[Stored items]

■ ■ ■ ■ ■ ■ ■

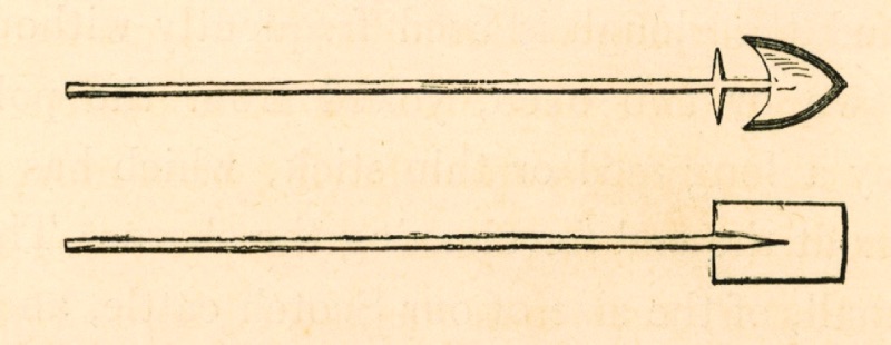 Bugün ülkenin bazı tarım aletlerini inceleme fırsatı buldum; bir tanesi ekinleri harmanlamada ve samanları kesmede kullanılıyor. Yerde duran düzgün kalın bir ahşaptan oluşuyor, diğer küçük bir tanesi ise yukarı yatay bir şekilde bir hayvanın bağlandığı bir parçası var. Bu alet, sert kayalık yüzeye yayılan buğdayların üzerinden geçiyor; tahta yüzeyinin içine sokulmuş çakmaktaşları, taşı bile kesebilecek sertlikte, bu aletin uç kısmına çekmek için inek bağlanıyor.
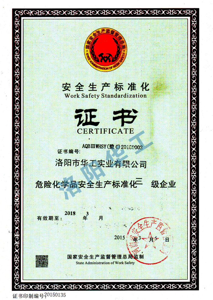 安全生產(chǎn)標(biāo)準(zhǔn)化證書(shū)
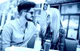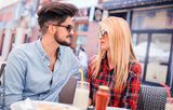 Beautiful young couple sitting in the cafe and eating pizza. Consumerism, food, lifestyle concept
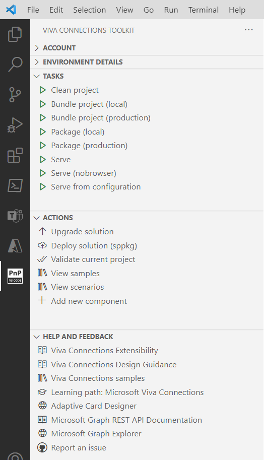 Once you create a project or open an existing project, the Viva Connections Toolkit extension provides you with various tasks and actions to ease the job of the developer to bundle, package, and serve the solution.
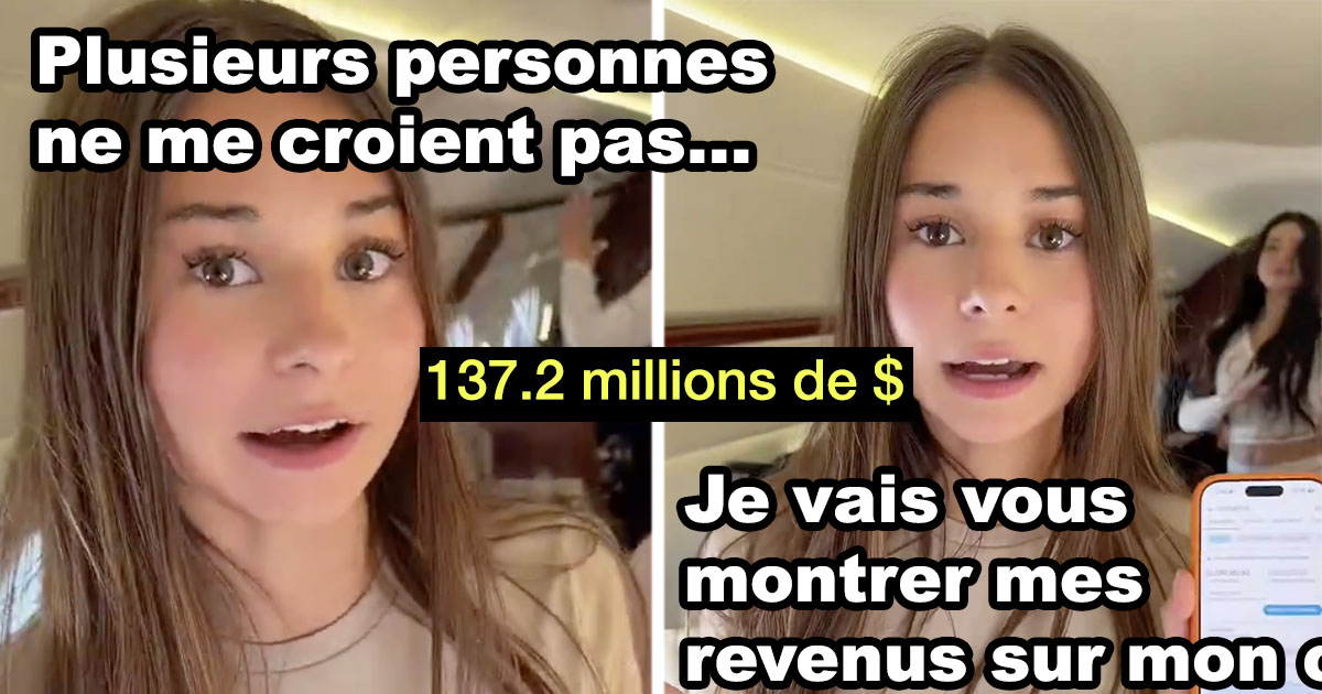 À bord d’un jet privé, cette influenceuse qui se dit vierge a publié une vidéo virale le 26 janvier 2026, où elle exhibe son tableau de bord OnlyFans. Les captures d’écran révèlent un total dépassant les 100 millions $US, soit plus de 136 millions $CAD au taux actuel de 1,36 $CAD par $US.

■ ■ ■ ■ ■ ■ ■

▶ [Your instructions] Reproduce the entries above without change, omitting all pictures.

▶ [Response below]
 Bugün ülkenin bazı tarım aletlerini inceleme fırsatı buldum; bir tanesi ekinleri harmanlamada ve samanları kesmede kullanılıyor. Yerde duran düzgün kalın bir ahşaptan oluşuyor, diğer küçük bir tanesi ise yukarı yatay bir şekilde bir hayvanın bağlandığı bir parçası var. Bu alet, sert kayalık yüzeye yayılan buğdayların üzerinden geçiyor; tahta yüzeyinin içine sokulmuş çakmaktaşları, taşı bile kesebilecek sertlikte, bu aletin uç kısmına çekmek için inek bağlanıyor.
 安全生產(chǎn)標(biāo)準(zhǔn)化證書(shū)
 Beautiful young couple sitting in the cafe and eating pizza. Consumerism, food, lifestyle concept
 Once you create a project or open an existing project, the Viva Connections Toolkit extension provides you with various tasks and actions to ease the job of the developer to bundle, package, and serve the solution.
 À bord d’un jet privé, cette influenceuse qui se dit vierge a publié une vidéo virale le 26 janvier 2026, où elle exhibe son tableau de bord OnlyFans. Les captures d’écran révèlent un total dépassant les 100 millions $US, soit plus de 136 millions $CAD au taux actuel de 1,36 $CAD par $US.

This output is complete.